- _SOURCE MATERIAL_:
•••••

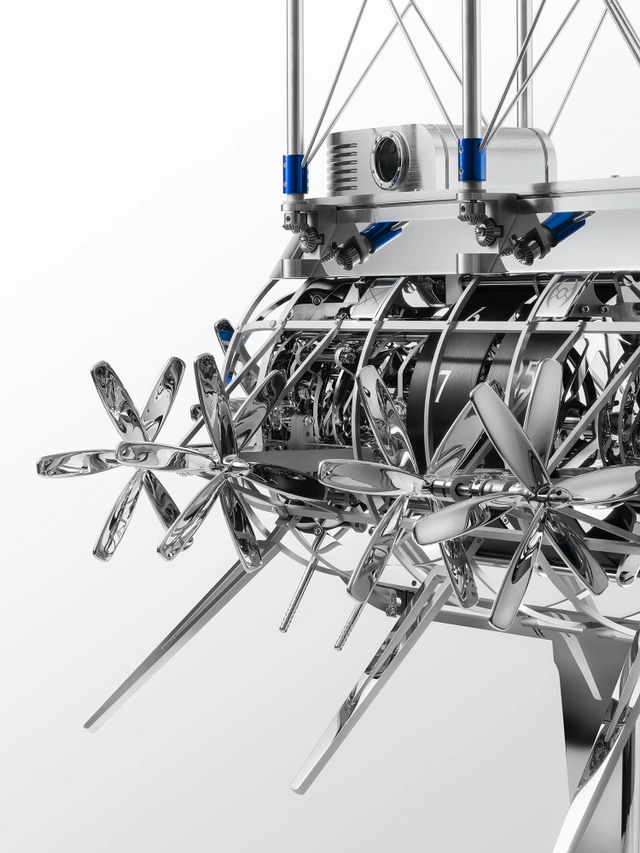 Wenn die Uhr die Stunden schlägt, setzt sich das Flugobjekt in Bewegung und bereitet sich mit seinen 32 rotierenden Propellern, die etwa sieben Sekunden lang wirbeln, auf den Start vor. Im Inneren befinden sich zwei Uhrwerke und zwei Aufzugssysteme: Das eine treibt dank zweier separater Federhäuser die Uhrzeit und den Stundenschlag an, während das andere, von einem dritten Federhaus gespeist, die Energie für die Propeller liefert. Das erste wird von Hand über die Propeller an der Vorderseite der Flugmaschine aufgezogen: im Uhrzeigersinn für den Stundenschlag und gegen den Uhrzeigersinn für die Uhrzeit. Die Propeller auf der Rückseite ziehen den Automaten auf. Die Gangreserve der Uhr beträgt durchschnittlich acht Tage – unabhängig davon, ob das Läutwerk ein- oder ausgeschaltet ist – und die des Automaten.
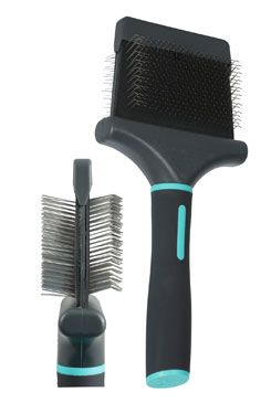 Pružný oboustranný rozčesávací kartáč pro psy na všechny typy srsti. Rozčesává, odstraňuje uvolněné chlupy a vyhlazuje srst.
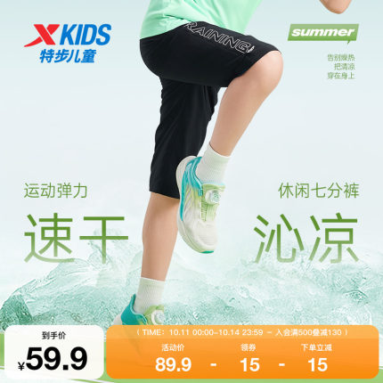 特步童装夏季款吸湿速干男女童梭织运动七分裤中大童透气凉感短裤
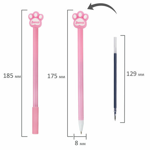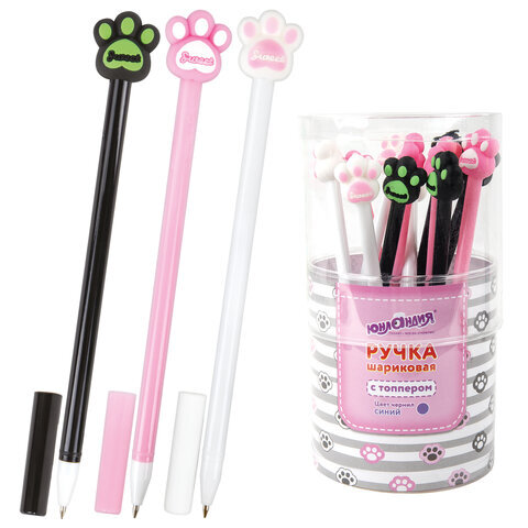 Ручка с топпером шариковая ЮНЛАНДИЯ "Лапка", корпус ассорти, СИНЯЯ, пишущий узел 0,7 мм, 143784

•••••

- _WHAT NEEDS TO BE DONE_:
Output the data exactly as it appears. The pictures do not belong in it.

- _SOLUTION FOR THIS TASK_:
 Wenn die Uhr die Stunden schlägt, setzt sich das Flugobjekt in Bewegung und bereitet sich mit seinen 32 rotierenden Propellern, die etwa sieben Sekunden lang wirbeln, auf den Start vor. Im Inneren befinden sich zwei Uhrwerke und zwei Aufzugssysteme: Das eine treibt dank zweier separater Federhäuser die Uhrzeit und den Stundenschlag an, während das andere, von einem dritten Federhaus gespeist, die Energie für die Propeller liefert. Das erste wird von Hand über die Propeller an der Vorderseite der Flugmaschine aufgezogen: im Uhrzeigersinn für den Stundenschlag und gegen den Uhrzeigersinn für die Uhrzeit. Die Propeller auf der Rückseite ziehen den Automaten auf. Die Gangreserve der Uhr beträgt durchschnittlich acht Tage – unabhängig davon, ob das Läutwerk ein- oder ausgeschaltet ist – und die des Automaten.
 Pružný oboustranný rozčesávací kartáč pro psy na všechny typy srsti. Rozčesává, odstraňuje uvolněné chlupy a vyhlazuje srst.
 特步童装夏季款吸湿速干男女童梭织运动七分裤中大童透气凉感短裤
 Ручка с топпером шариковая ЮНЛАНДИЯ "Лапка", корпус ассорти, СИНЯЯ, пишущий узел 0,7 мм, 143784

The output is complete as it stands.